What usually happens in this case is that the bakery’s kitchen costs in the end two million Euros. The woman does not give up and persuades the banker to lend her another one million Euros. She pays the kitchen contractor another one million so he can finish the job. The contractor deposits also this money in the bank. What will his bank’s report show now? Three million Euros. How much money the bank actually has? Still one million Euros. In fact, the same one million Euros the kitchen contractor deposited in the beginning…

Evening 7 – And They Lived Happily Ever After
In the last 500 years we witnessed an unprecedented series of revolutions. Planet Earth became, for the first time, a united ecological and historical region. The economy grew in unbelievable speed and humanity as a whole is richer now than ever before.

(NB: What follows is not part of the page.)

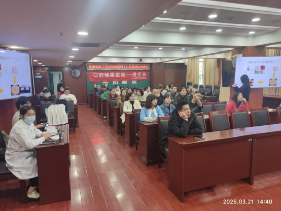 3月21日,時值第19個“世界口腔健康日”到來之際,為增強廣大職工口腔保健意識,普及口腔疾病防治知識,使職工更加及時準確地了解自身健康狀況,岳陽郵政工會根據職工實際需求,唱響工會“四季歌”,聯合岳陽市口腔醫院,在市分公司機關五樓會議室開展了“春送健康”口腔保健知識講座暨口腔義診活動。

But, are people happier than before? Can we say with confidence that 50,000 years of discoveries, developments and revolutions increased the happiness of humanity as a whole? Is, for example, Neil Armstrong, with his footprint on the moon, happier than the anonymous nomad with her handprint on the walls of the Chauvet cave? And if not, what is the point of all of this?

The Show
The room is dark. It is a place where people come to work on themselves and others, perhaps through consciousness raising, or through religious rituals. It’s a series of what Gertrude Stein called meditations; rumination on philosophical ideas in which the intent is to enjoy, to savor, and to dance with the music of your ideas and what they spark inside you. The room is a meeting point for a story to be experienced.
The story is being told by the “Storyteller” with the help of a musician and the audience. It is a communal setting where the listeners are active and participate in bringing the story to life by role playing, sound making or acting as extras in one scene or another.